The land-use plan adopted this summer by the Loudoun Board of Supervisors aims for development to occur gradually and emphasizes mass transit as a way to avoid the haphazard sprawl of areas such as Tysons Corner. The plan calls for 11 compact, densely populated centers that would combine housing, offices and shopping, with each center near an interchange on the Greenway and served by a transit stop. Most of the development would not be allowed until a bus or rail system was in place down the median of the highway, a project likely to take at least 20 years.

"Loudoun stands ready to do the right thing. It's a question of whether the political will is there," said Peggy Maio, the Loudoun representative to the land-use group, the Piedmont Environmental Council.

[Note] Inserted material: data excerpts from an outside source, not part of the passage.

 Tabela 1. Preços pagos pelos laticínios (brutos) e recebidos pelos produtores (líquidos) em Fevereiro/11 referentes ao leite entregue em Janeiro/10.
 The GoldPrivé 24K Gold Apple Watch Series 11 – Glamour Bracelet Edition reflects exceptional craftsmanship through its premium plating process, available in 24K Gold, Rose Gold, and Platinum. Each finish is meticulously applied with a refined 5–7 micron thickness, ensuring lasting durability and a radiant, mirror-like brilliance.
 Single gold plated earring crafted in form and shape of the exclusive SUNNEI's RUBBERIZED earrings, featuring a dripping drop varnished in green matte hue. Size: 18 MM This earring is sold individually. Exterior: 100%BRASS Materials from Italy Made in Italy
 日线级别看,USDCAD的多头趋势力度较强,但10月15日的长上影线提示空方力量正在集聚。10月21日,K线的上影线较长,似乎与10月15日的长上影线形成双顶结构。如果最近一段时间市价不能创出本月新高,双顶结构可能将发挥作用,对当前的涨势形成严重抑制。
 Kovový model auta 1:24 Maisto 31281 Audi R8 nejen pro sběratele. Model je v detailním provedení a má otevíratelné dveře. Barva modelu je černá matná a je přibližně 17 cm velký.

Maio and others wonder whether political leaders will resist pressure from developers to change the plan to allow more growth. The current Board of Supervisors has been criticized by Loudoun residents, particularly those living in the rural western half of the county, for permitting sprawl in the east.

"We've had the luxury of being ahead of the curve in planning" along the Dulles Greenway, said board Chairman George L. Barton (R-At Large). "I think we were able to do it the right way."

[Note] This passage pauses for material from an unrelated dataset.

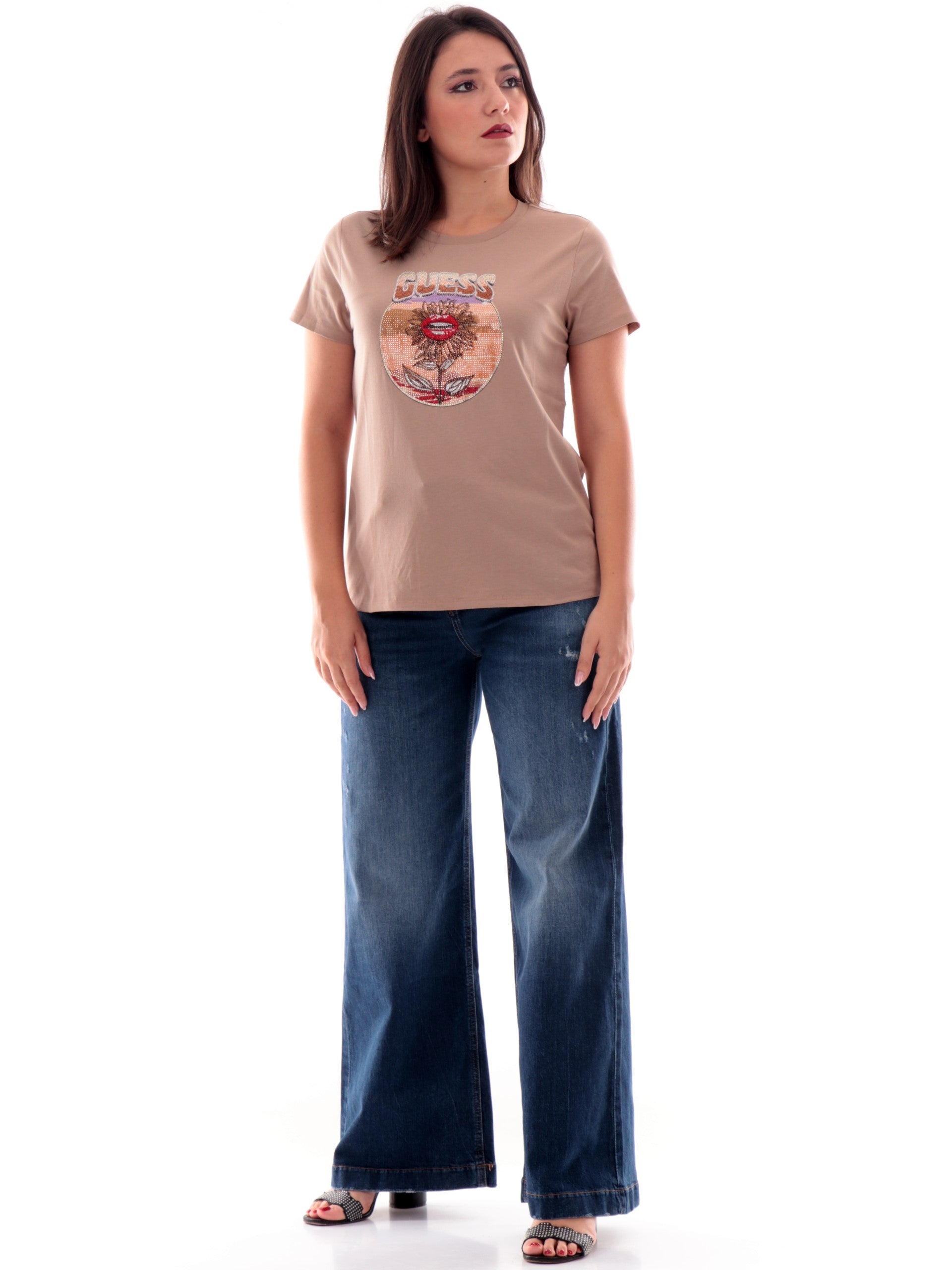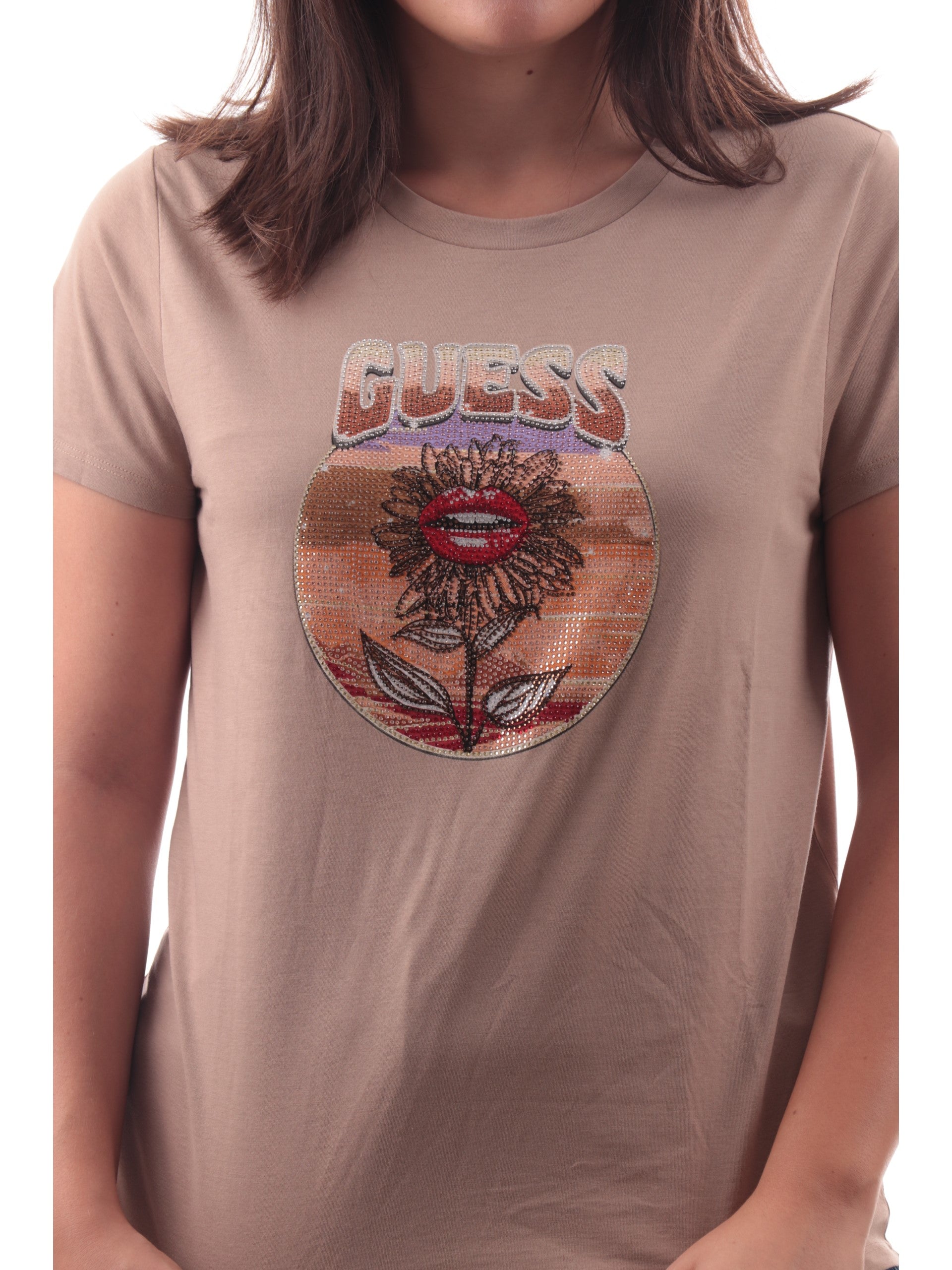 Maglia Guess beige da donna girocollo logo Guess con strass W5YI32K9RM1, realizzata in 100% puro cotone. Questa t-shirt Guess beige girocollo ha le maniche corte, la vestibilità regular e il logo Guess sul davanti con strass.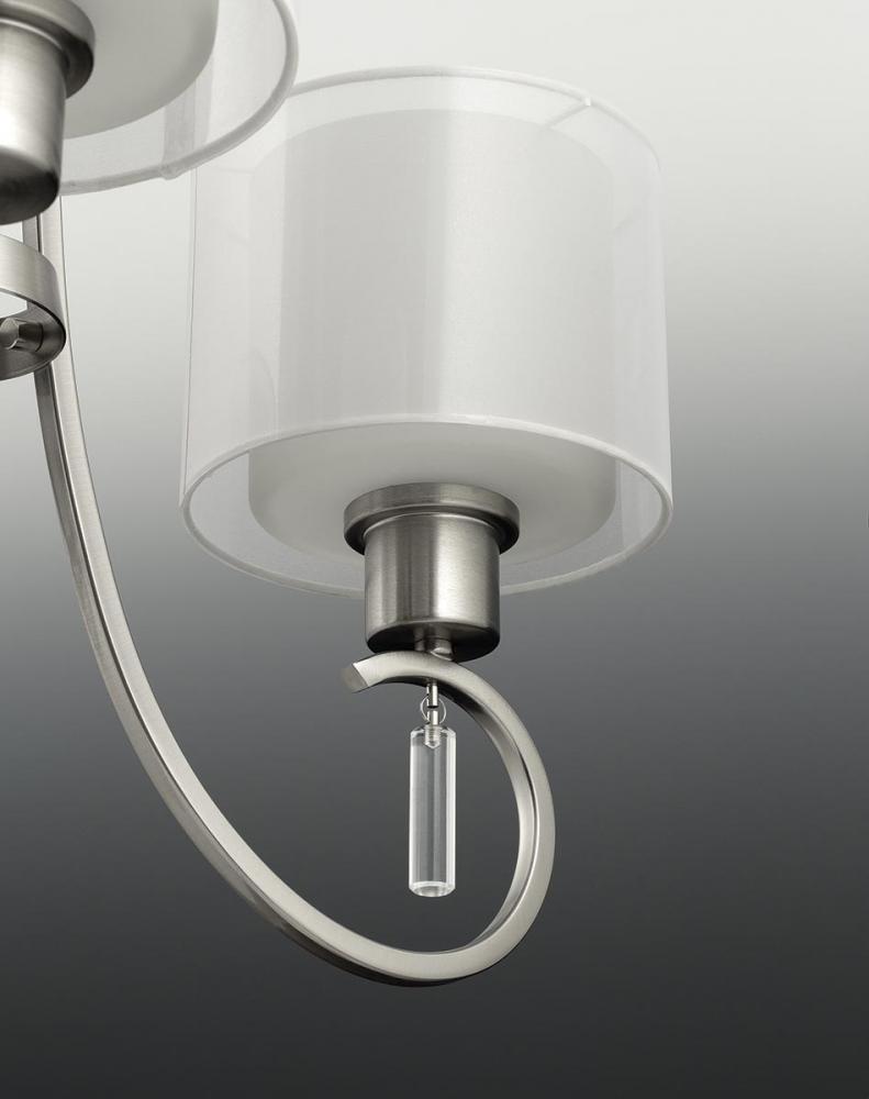 Antique Bronze finish.;Unique translucent sheer mylar shades.;Inner glass globes provide inviting illumination.;Elegant and dreamy rich, layering effect.;Includes one 6", four 12" stems and 6 links of chain.

The planning area covers 26,000 acres on either side of the highway, although no one expects all of that to be developed. Under the scenario that planners call "full build-out," the county would add 94 million square feet of commercial development near the highway during the next 50 years -- more than six times the current amount in Loudoun. With a slow commercial market now, and an uncertain local economy facing federal government cutbacks, planners estimate the total will reach 4.5 million square feet in 20 years.

Loudoun's current transportation problem is that it has two east-west highways, Routes 7 and 50, neither of which was designed as express roads for commuters. As residential and commercial development has increased along Route 7, so has the traffic. Loudoun's population has mushroomed to 110,000 people, growing faster in the 1990s than any other county in the region.

The Greenway -- a marketing term that evokes the road's pastoral character while avoiding the use of the word "toll" -- is projected to carry about 30,000 vehicles on weekdays after the first year, doubling by the year 2000. The six-lane Dulles Toll Road carries about 75,000 vehicles on weekdays.

A trip from Leesburg to the airport now takes 30 minutes or longer during rush hours. That same trip on the Greenway will be 12 minutes, road officials said. The hope is that the time savings will lure enough commuters so that congestion is eased on Routes 7, 50 and 28.

But out of two dozen residents of Loudoun's Ashburn and Exeter neighborhoods who were interviewed last week, only a few planned to use the new highway -- even though most said they would save commuting time if they did. Most of the residents objected to the high toll. Despite that resistance, Greenway officials said they are confident the road will be popular. They noted that people thought 75 cents was too much to pay on the Dulles Toll Road when it opened in 1984, but the road quickly filled.

At $326 million to build, the Greenway was an expensive venture. The $2 toll was pegged to construction, design, maintenance and operating expenses, as well as to the cost of borrowing money, higher for a private company than for a state government.

Timothy Sutherland, president of C.C. Pace Resources, of Fairfax, which arranged the highway's financing, said extensive analysis of the traffic and development projections were conducted to satisfy investors.

"They wouldn't have put this money down if it wasn't going to succeed," Sutherland said.

The state would have built the road eventually, possibly without tolls. But that was not likely to happen for several more years, and fast-growing Loudoun couldn't wait that long to launch its new downtown or provide relief to commuters.

"Too often in the public sector, the easiest thing to do is let things sit unresolved," said Ronald F. Kirby, transportation director for the Metropolitan Washington Council of Governments. "The private sector is motivated by self-interest to resolve things quickly."